◆ TASK DESCRIPTION: Find each line of the entries with the string "Blau", please, and copy it.

◆ SOURCE MATERIAL:

......

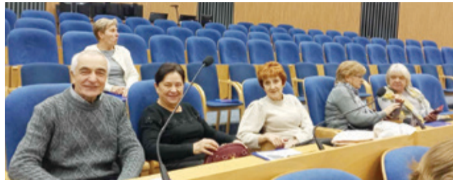
Przedstawiciele kępickiego UTW podczas gdańskiego Forum.

Rozmawiali o działalności Uniwersytetów Trzeciego Wieku. Przedstawiciele z Kępicy na ważnym Forum.
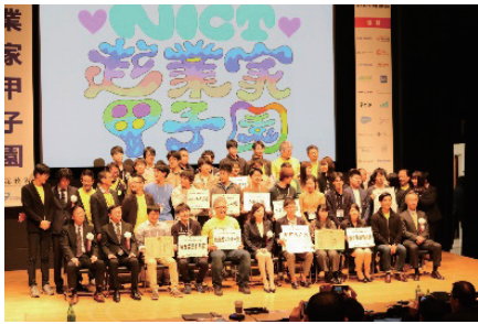
図2 発表者との記念撮影（起業家甲子園）
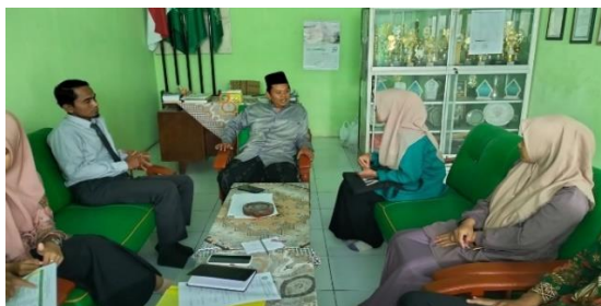
Gambar 4.3 Wawancara Kepala Sekolah

Kegiatan pembiasaan sejauh ini masih berjalan mbak. Di pagi hari itu mbak, ada pembiasaan bersalaman dengan gurunya yang sudah menjaga digerbang. Dan mau tidak mau siswa harus bersalaman dengan guru baik itu siswa yang baik ataupun yang kurang baik. Selain itu juga diberlakukan tata tertib adab terhadap guru dan karyawan. Kemudian ada juga pembiasaan Sholat Dhuha berjamaah. Setelah kegiatan Sholat Dhuha selesai dilanjutkan dengan tausiyah yang pematerinya sendiri dari imam sholat tersebut.
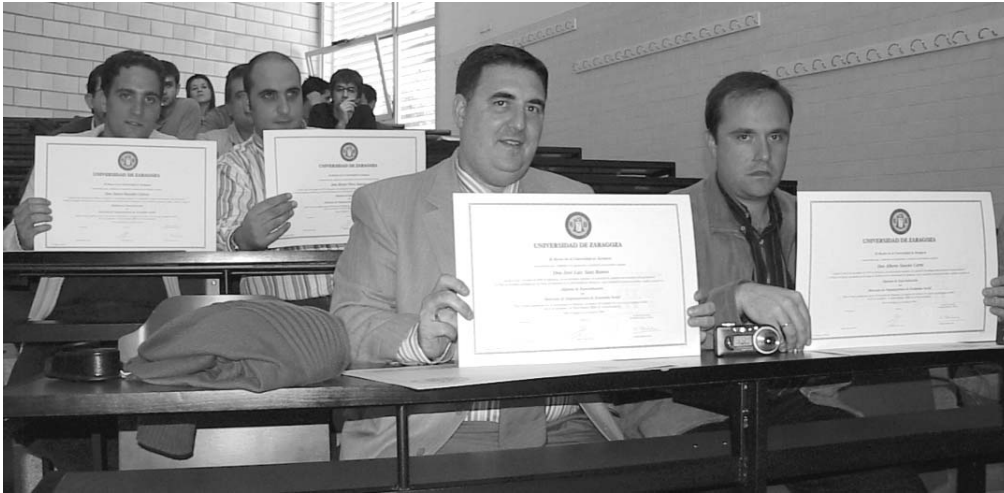
Los nuevos expertos en dirección de sociedades laborales recibieron sus diplomas en el marco del seminario anual de Economía Social
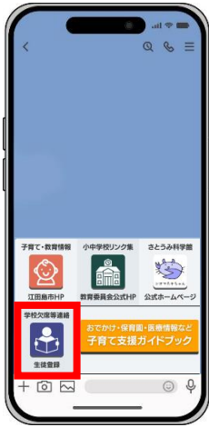
「学校欠席等連絡 生徒登録」を押す
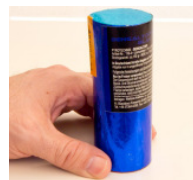
XXL Bengaltopf Blau

Intensives Bengalfeuer in Blau, ca. 65 sec Laufzeit. Flammenhöhe ca. 50-60 cm
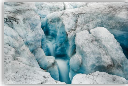
“Glaciar Serp- i- Molot, Nueva Zembla, Océano Glaciar Artico”.
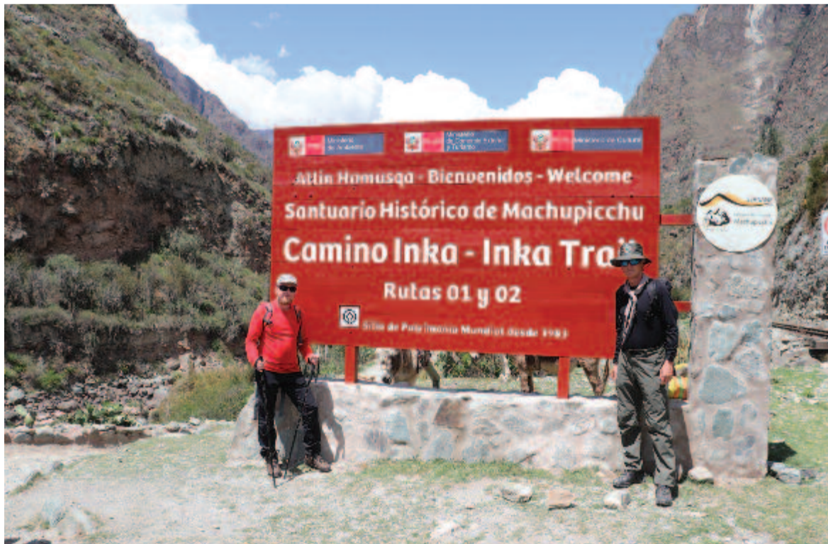
Az Inka ösvény bejáratánál
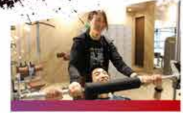
パーソナルトレーナー

お客様とコミュニケーションを取りながら、一人ひとりにあったプログラムを提案します。
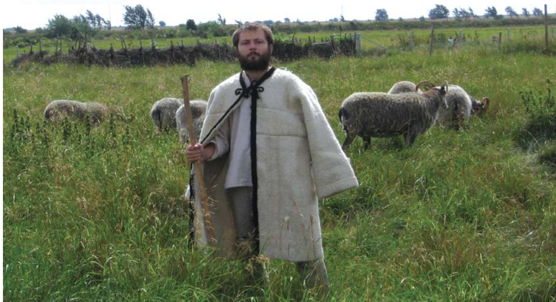
Pastevecký kabát (tzv. guba) utkaný z ručně předené příze

Typickými vlnářskými plemeny, chovanými také u nás, jsou anglická dlouhovlnná plemena Romney a Leicester nebo Shetlandské ovce s jemnou zkadeřenou vlnou, ze které se vyrábí tradiční anglické tvídy. Za naše původní vlnářská plemena se považuje ovečka Šumavská a Valaška.
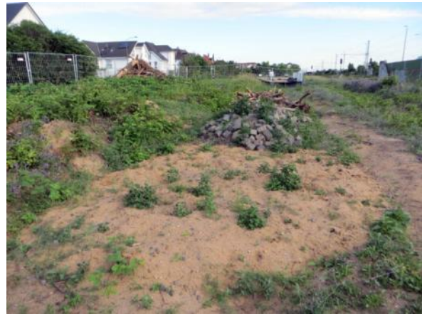
Abb. 2b: Gebüchsukzession mit artenarmem Brombeerbestand 2015.

Die Sukzession ist hier bereits fortgeschritten. Gebiet zwischen der Lärmschutzwand im östlichen Teil und den Gleisen. Wird jährlich gemäht, teilweise werden die aufkommenden Gehölze entfernt. Unter dem Hartriegel befinden sich höhere einzelne Hängebirke und Waldkiefer. Dazu überwiegend mit Brombeeren bewachsene Flächen.
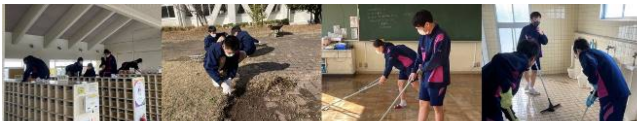
〈3年生愛校作業の様子〉

2月16日(火)に3年生全員で、愛校作業に取り組みました。15日に行く予定でしたが、あいにくの雨模様でしたので、一日遅らせてこの日に行いました。3年間学習や運動に励んできた学校です。それぞれに思いがあることでしょう。みんなで手分けして、日頃できない所を、整備、清掃、修繕をしてくれました。本当にありがとうございます。私は大中を卒業して40年以上たちますが、その当時のままの教室や風景を見ると、不思議と中学生だった時の友人の顔を鮮明に思い出すことができます。古くなった校舎ですが、卒業後も遊びに来てください。

......

◆ THE COMPLETED TASK:
XXL Bengaltopf Blau
Intensives Bengalfeuer in Blau, ca. 65 sec Laufzeit. Flammenhöhe ca. 50-60 cm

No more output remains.